We talk about why this is and I think it's something to do with ownership. Old-fashioned fame was acquired, but celebrity is bestowed: it only exists in relationship with the audience-jury we supply and comprise. Thus, we're the arbiters. They owe us. We voted them in and we can vote them out, more immediately and effectively, in fact, than the politicians who themselves look and behave more like celebrities every day (perhaps in an effort to revive our waning interest in
their
show). Of course, Neil Armstrong is not a celebrity in the strict sense; because he did something to earn his status, his
fame
has a hinterland, but the boundaries between the two conditions have become so confused that we no longer recognize this distinction.

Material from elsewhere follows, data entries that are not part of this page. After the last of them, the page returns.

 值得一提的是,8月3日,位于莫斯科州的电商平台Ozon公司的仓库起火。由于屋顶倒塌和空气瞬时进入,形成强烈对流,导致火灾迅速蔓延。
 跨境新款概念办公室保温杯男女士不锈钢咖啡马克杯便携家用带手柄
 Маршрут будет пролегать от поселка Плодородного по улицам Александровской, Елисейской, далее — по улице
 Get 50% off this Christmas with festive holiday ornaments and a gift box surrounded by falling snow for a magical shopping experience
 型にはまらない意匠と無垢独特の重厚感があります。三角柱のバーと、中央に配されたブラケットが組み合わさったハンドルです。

So you'd better sign the autograph, sucker. You're lucky I even ask
. A widely reported study in the U.K. found that people who earn more than £35,000 a year feel more deprived than those who earn less, because they feel licensed to compare their lives to the more fabulous existence of their democratically appointed stars, and they wonder when their turn's coming. Is it possible that our adulation of the famous is no more than a Trojan horse for our own disappointment and anger? Is this what Armstrong runs from?

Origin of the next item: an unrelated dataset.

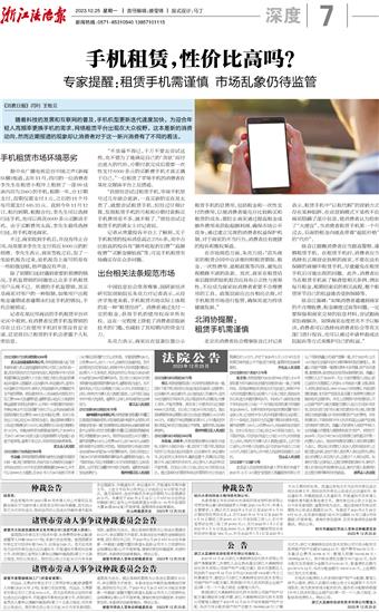 浙江法治报 深度 00007 手机租赁,性价比高吗? 2023-12-25 浙江法治报2023-12-2500007;26536763;26536765 2 2023年12月25日 星期一
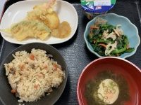 今日の昼食には【父の日御膳】 五目御飯に、天ぷらなどが提供され皆さん美味しそうに召し上がっていました。

We've arrived. Only purchasers of more expensive tables were admitted to the reception, so the dinner hall is larger, with a raised stage. There are more drinks beforehand, then a meal whose every mouthful is forgotten before it's swallowed, save for a space-shuttle cake at the end (we don't know it yet, but by this time next year celebratory space-shuttle cakes will be a rare thing indeed). Then the bearlike race president, Mike Houghton, marches to the lectern and calls the astronauts one by one to the stage again, in forward alphabetical order this time. There's wild applause. Armstrong shows up now and is whooped. Charlie beams and the other spacemen all hug Dick. They sit behind a long table and wait for Houghton to initiate the proceedings, which he does with a defensive post-9/11 appeal to patriotism (“in recent years, it's become unfashionable to call yourself a patriot of this great nation”) followed by an invitation to stand and pledge allegiance to the flag like schoolkids.

Those opening words:

“I pledge allegiance to the flag/of the United States of America …”

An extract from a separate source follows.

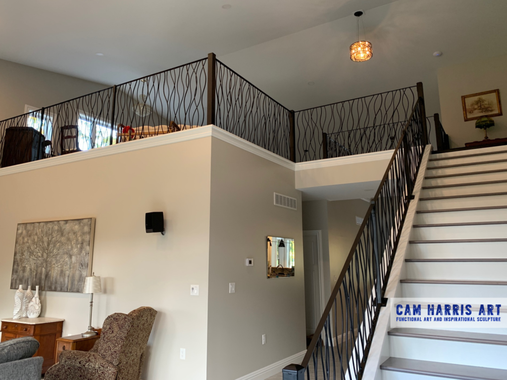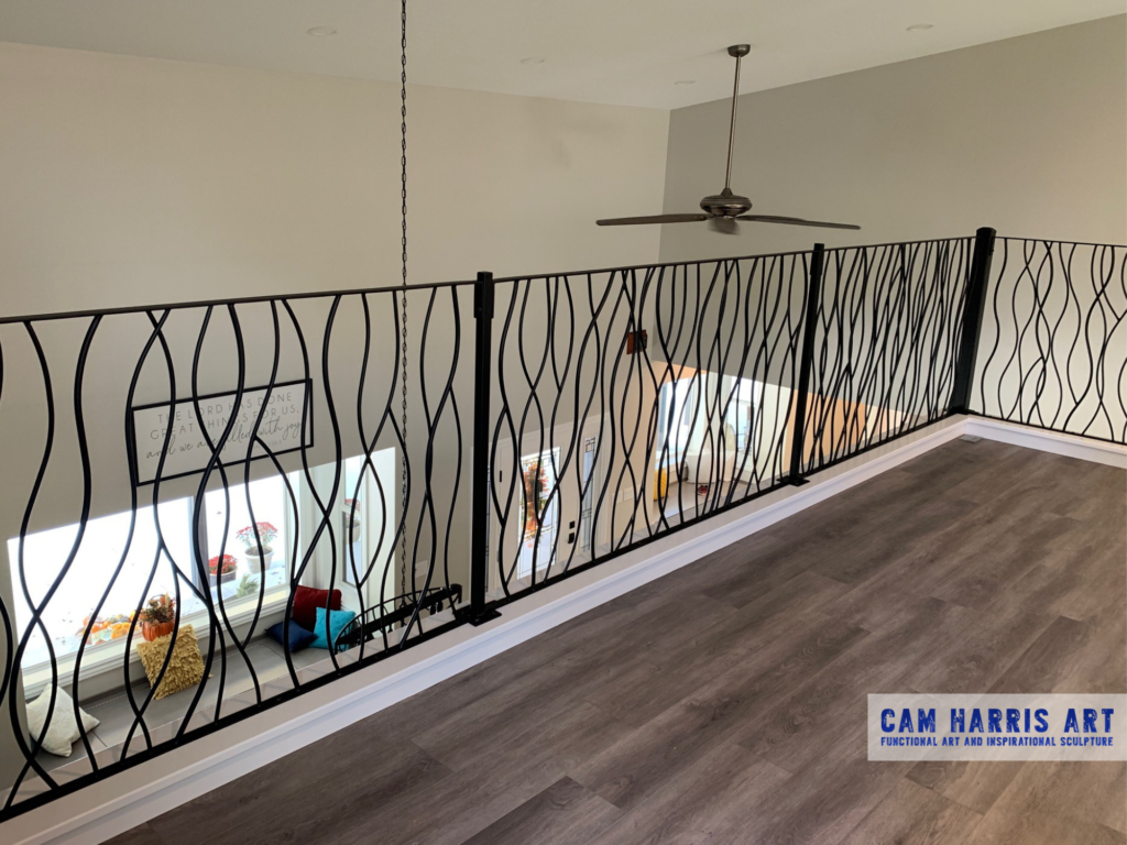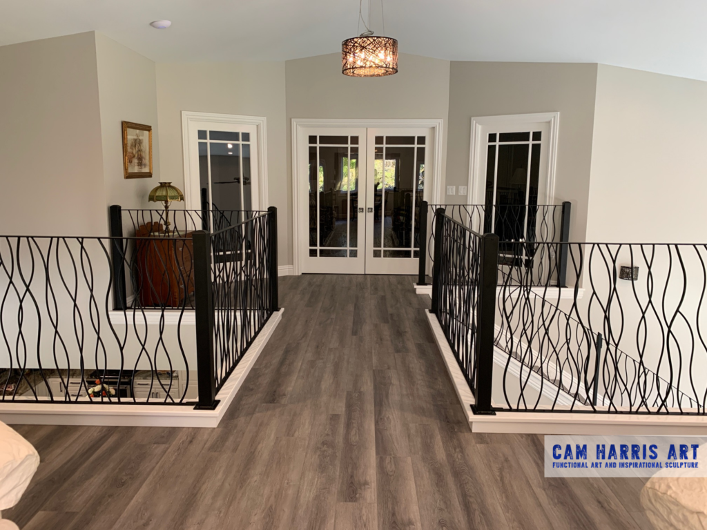 This new iron railing design by artist Cam Harris called Vines is a combination of 1/2 inch and 3/8 inch solid round iron. You will find the designs weaving over each other giving the iron art depth. At other points, it intersects and is blended together creating a seamless piece of iron art.

Jesus. The room disappears and I'm wheeling back into myself, because the last time I did this I was in sixth grade and my anti-establishment teacher was smirking because the pledge was about to be banned for its reference to God. Then a silver-haired male choir arrives to barrel “The Star Spangled Banner” and I'm surprised to find a little shiver running up my spine, for this awkward song that tells such a romantic story, of a time when America was the underdog and inspiration to dreaming republicans everywhere – real republicans; radicals and idealists – even if it took two centuries for reality to even pretend to the dream, and in the meantime gave us Reno. They follow up with “Anchors Aweigh,” at which the Navy men in the hall shoot to attention stiffly – Gene Cernan, I note, being the quickest and stiffest. The same happens with “Off We Go (into the Wild Blue Yonder)”; then Dick Gordon comes to the microphone and asks us to remember those who lost their lives in the push to space, without mentioning poor, heroic Komarov or any of the Soviets, to be followed by “The Apollo Story,” a glib presentation by the former TV anchorman Hugh Downs, in which we are told that
“Kennedy was looking for a way to lift U.S. spirits as the U.S. wavered in the Cold War,” without so much as hinting that he was also looking for a way to save his own political hide. In this version, the official version, Apollo was a victory march, shorn of all doubt and ambiguity and dull as a government requisition form. I wonder why they like it so much?